> [Dataset content]
● ● ● ● ●

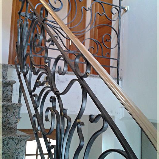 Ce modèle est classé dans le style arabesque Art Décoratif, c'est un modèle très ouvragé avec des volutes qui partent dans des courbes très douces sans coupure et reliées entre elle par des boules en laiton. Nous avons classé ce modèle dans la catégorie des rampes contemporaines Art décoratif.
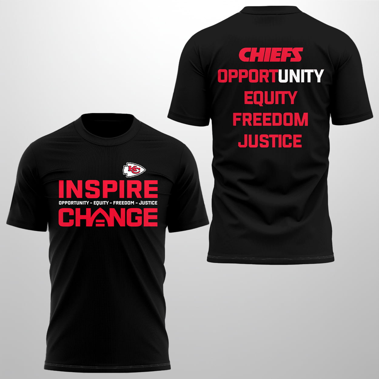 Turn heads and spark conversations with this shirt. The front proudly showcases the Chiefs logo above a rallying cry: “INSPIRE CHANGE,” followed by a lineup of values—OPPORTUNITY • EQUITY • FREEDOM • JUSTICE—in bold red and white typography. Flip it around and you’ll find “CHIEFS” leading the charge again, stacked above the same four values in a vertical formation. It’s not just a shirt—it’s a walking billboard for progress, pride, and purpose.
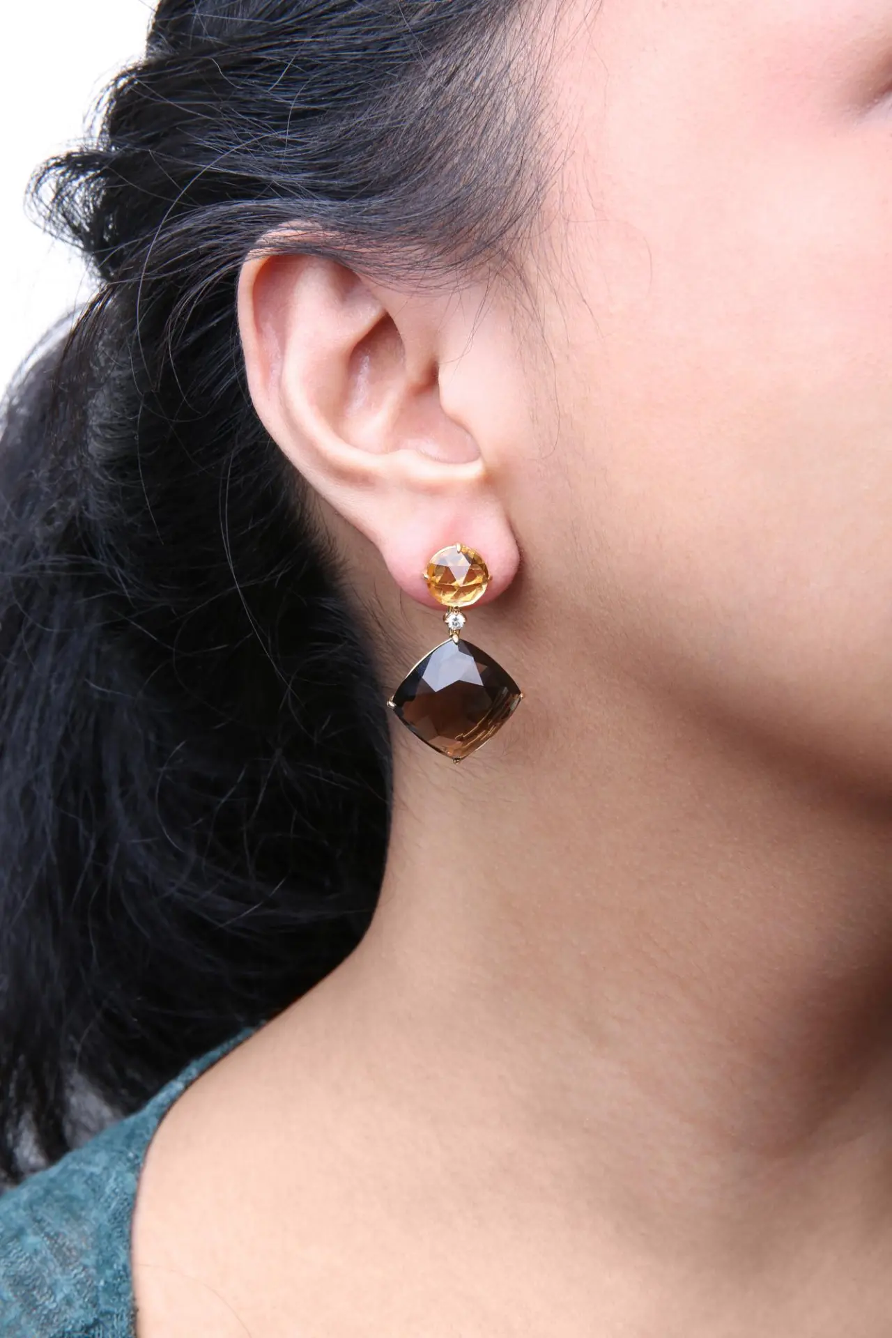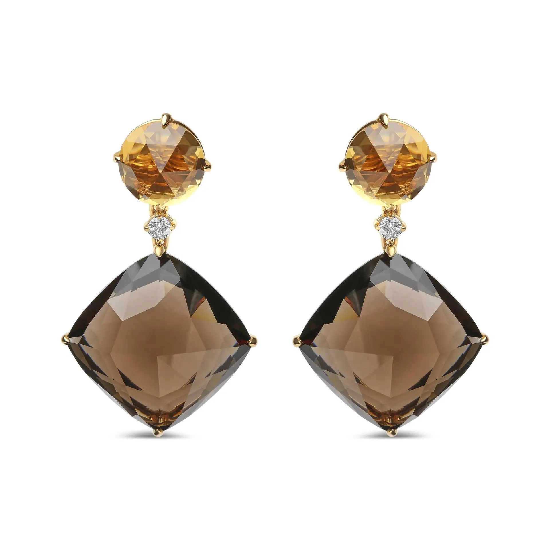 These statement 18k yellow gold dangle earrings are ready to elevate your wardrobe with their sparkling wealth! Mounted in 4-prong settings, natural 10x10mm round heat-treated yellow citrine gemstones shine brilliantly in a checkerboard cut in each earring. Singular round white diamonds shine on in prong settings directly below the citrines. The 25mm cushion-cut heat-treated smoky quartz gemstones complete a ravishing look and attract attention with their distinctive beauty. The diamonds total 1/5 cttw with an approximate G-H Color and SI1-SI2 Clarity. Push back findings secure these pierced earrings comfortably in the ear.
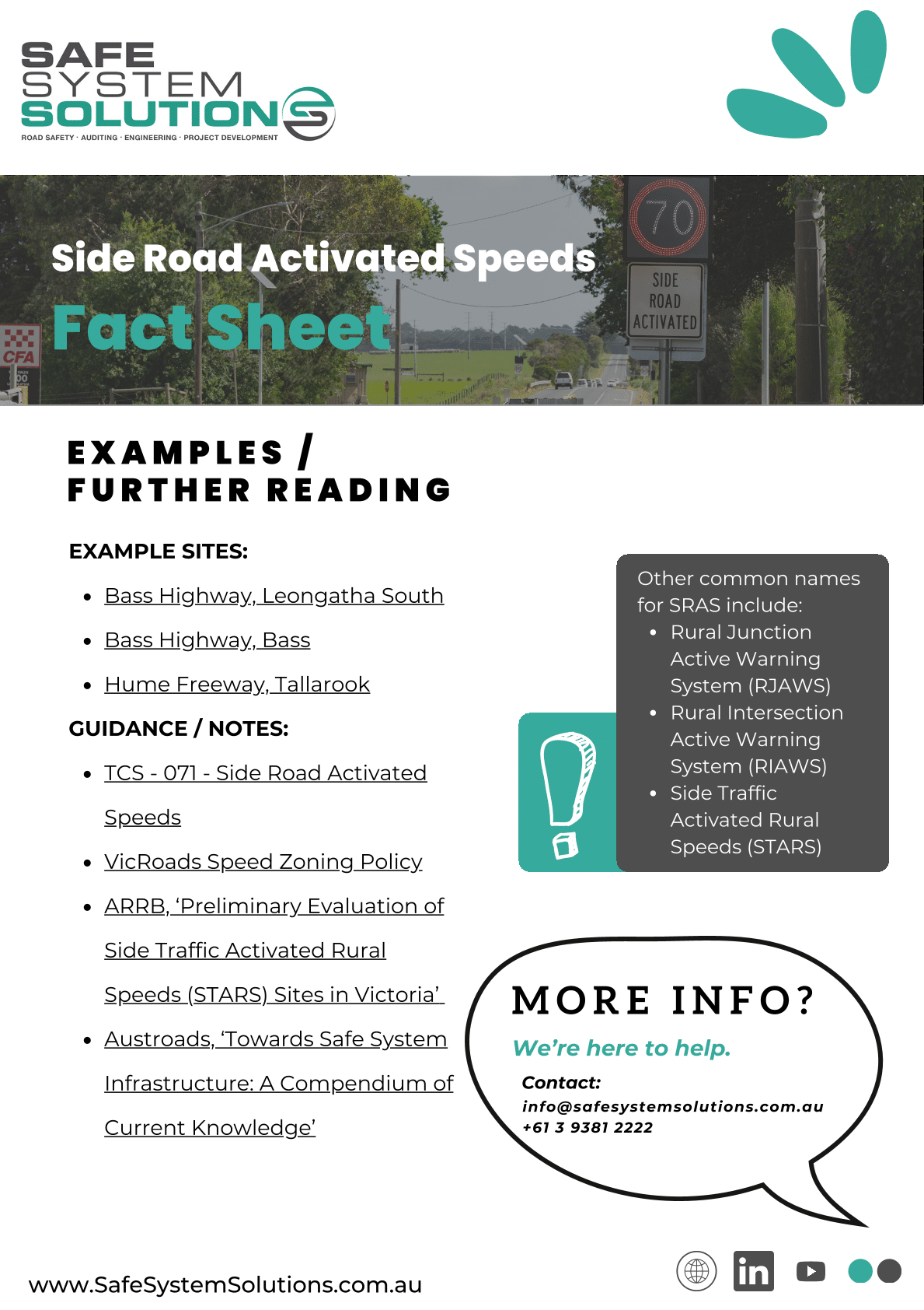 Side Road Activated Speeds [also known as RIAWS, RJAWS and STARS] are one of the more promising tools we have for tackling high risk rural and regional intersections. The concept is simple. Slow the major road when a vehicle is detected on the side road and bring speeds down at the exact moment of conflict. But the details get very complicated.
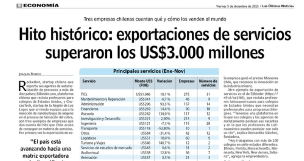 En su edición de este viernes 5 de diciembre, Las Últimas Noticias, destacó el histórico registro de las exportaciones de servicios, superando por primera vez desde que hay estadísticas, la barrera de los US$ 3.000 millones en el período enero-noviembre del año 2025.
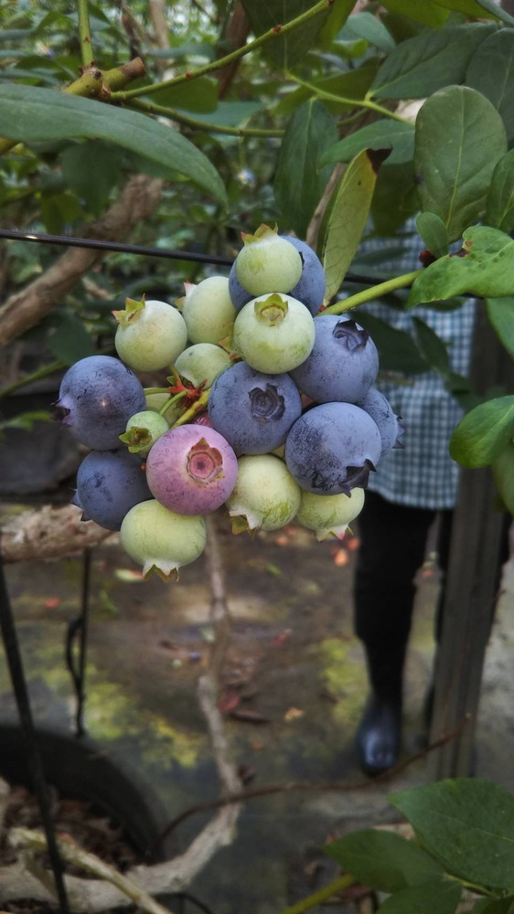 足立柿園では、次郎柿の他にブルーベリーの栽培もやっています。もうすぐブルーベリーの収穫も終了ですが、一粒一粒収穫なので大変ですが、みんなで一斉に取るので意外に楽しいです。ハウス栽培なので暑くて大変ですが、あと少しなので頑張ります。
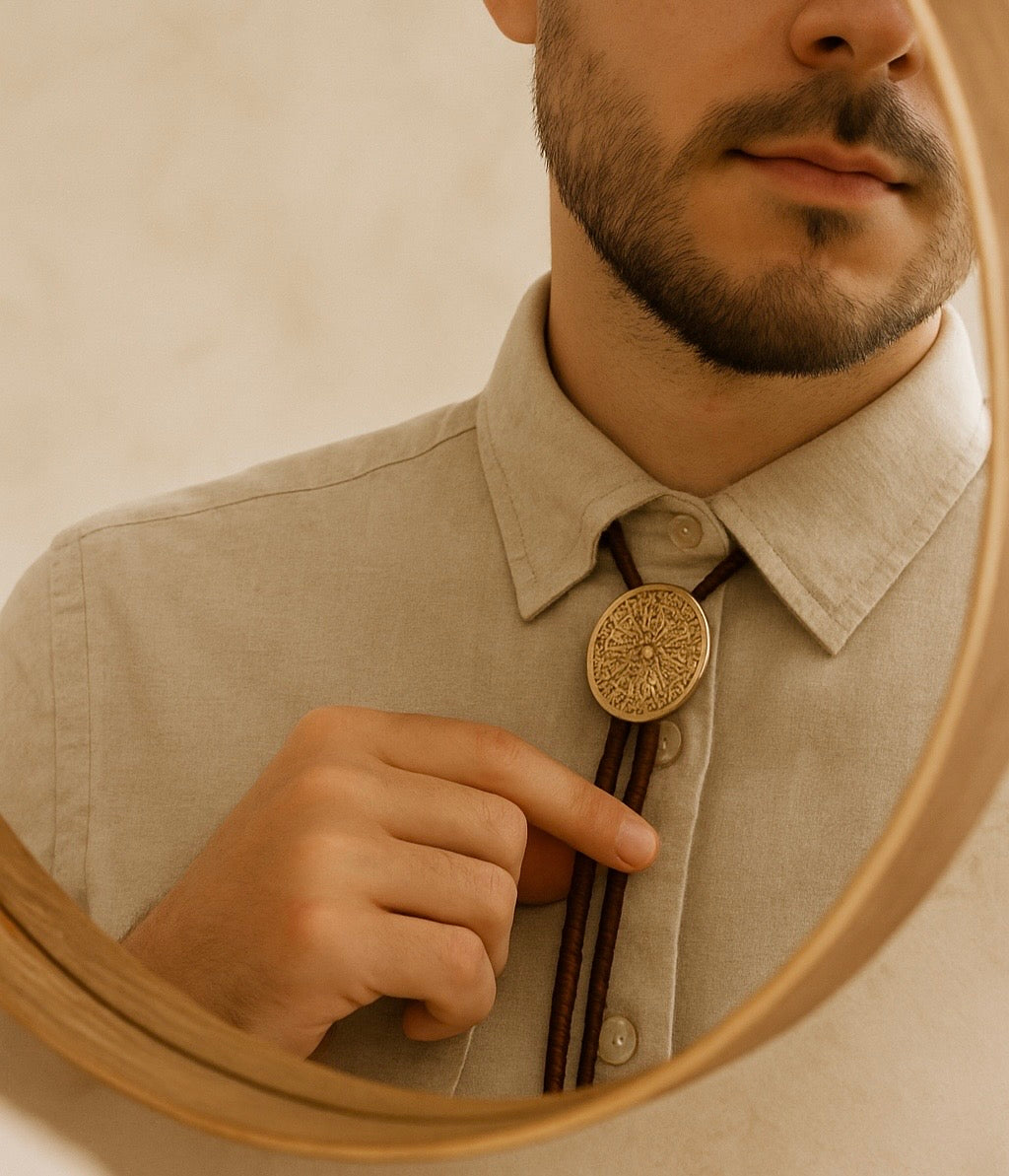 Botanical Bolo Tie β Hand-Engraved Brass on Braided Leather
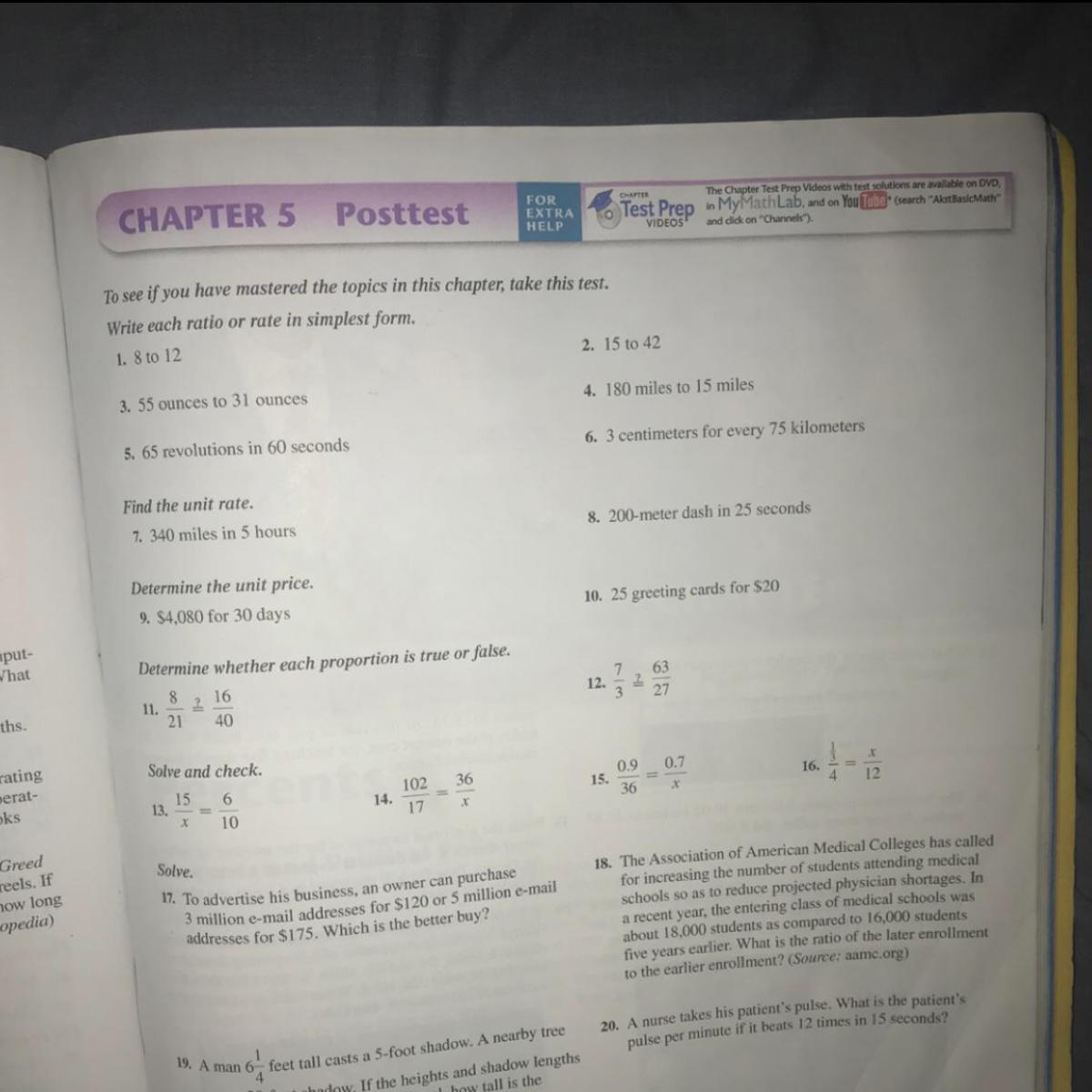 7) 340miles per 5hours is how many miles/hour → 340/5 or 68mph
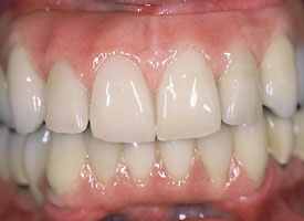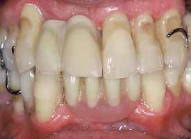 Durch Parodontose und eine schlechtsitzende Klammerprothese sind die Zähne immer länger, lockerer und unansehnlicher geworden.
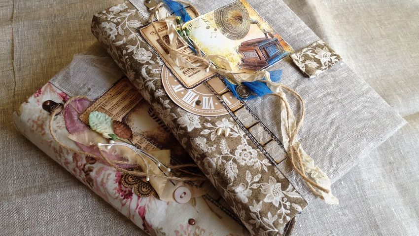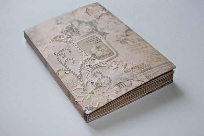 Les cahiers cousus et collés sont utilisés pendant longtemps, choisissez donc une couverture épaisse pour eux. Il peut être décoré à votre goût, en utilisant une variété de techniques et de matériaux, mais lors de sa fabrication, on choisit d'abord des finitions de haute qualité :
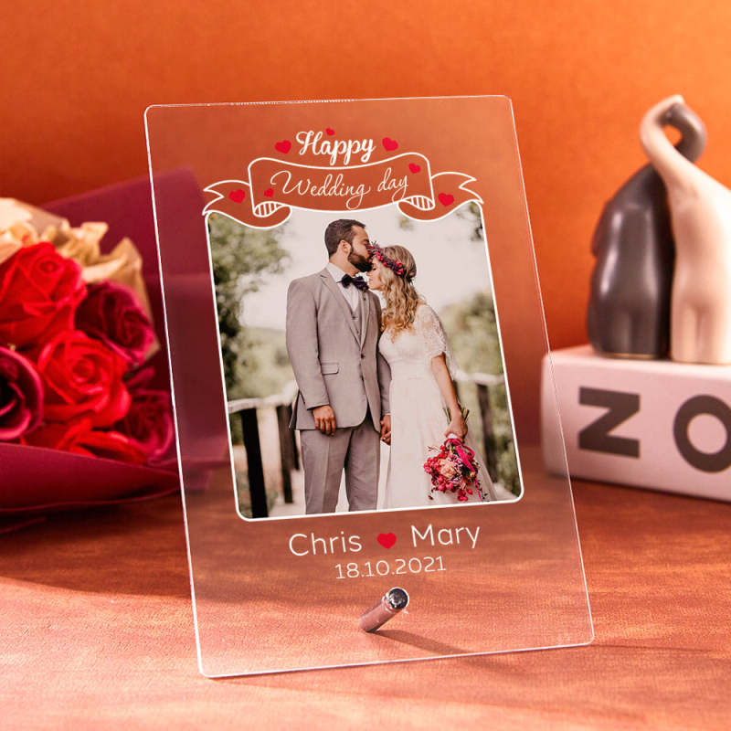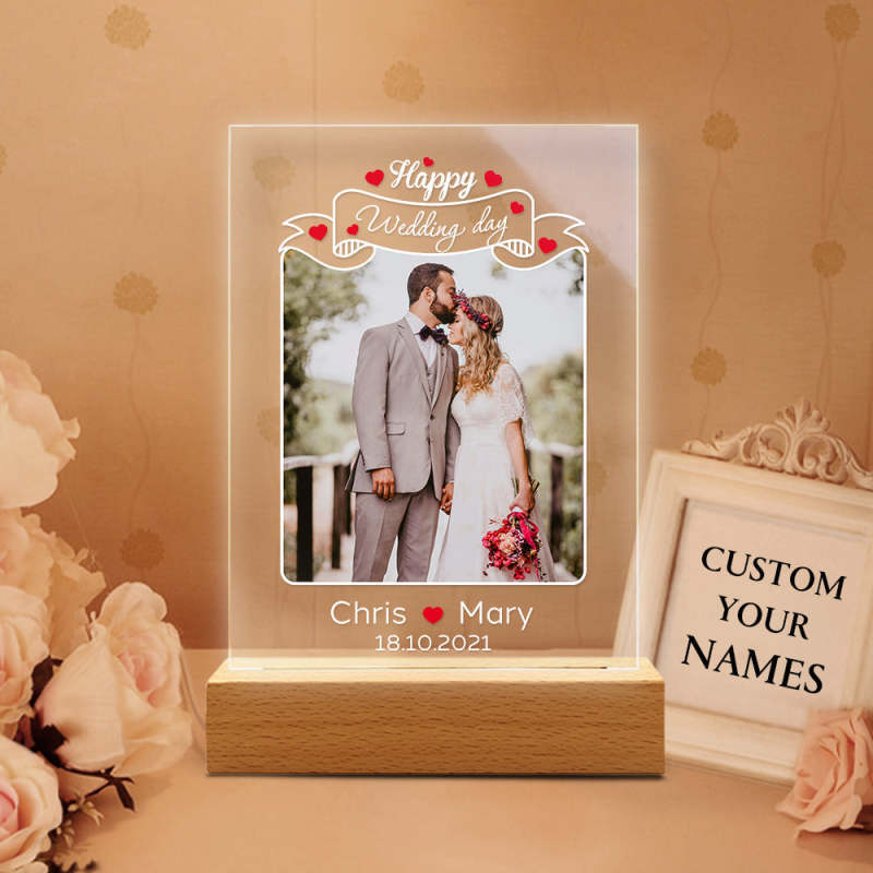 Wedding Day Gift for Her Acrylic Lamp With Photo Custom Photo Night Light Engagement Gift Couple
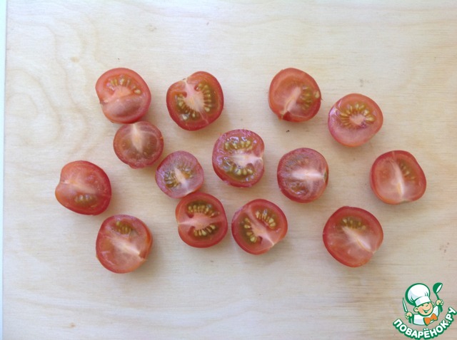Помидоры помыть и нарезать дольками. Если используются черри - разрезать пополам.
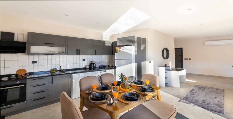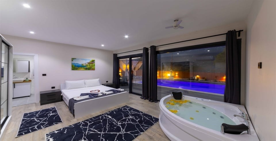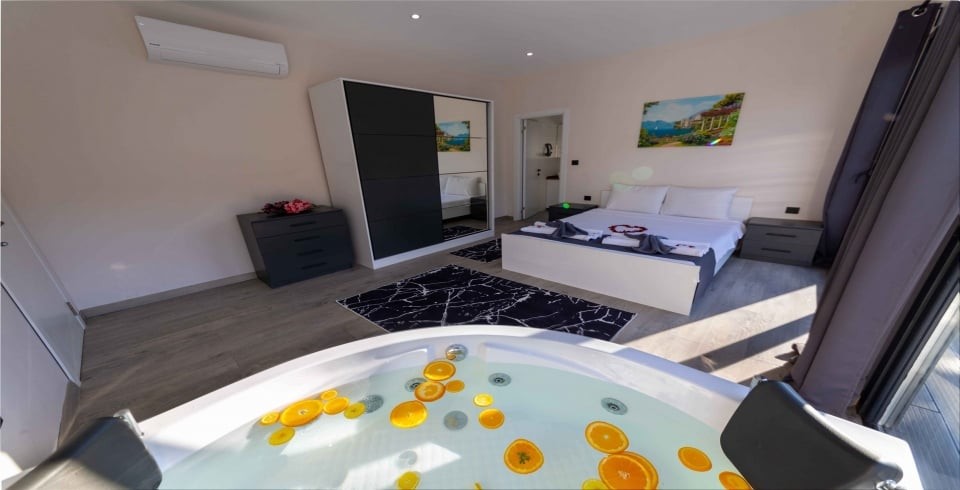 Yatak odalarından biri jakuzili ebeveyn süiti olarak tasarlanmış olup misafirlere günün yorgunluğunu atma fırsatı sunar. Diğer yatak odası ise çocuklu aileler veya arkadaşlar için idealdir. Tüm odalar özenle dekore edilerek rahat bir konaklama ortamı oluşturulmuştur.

● ● ● ● ●

> [Exercise aim]
When you reach the line with "7) 340miles per" in the records above, begin repeating the lines exactly, and stop after the line with "Durch Parodontose und". Skip all pictures.

> [Answer to this problem]
 7) 340miles per 5hours is how many miles/hour → 340/5 or 68mph
 Durch Parodontose und eine schlechtsitzende Klammerprothese sind die Zähne immer länger, lockerer und unansehnlicher geworden.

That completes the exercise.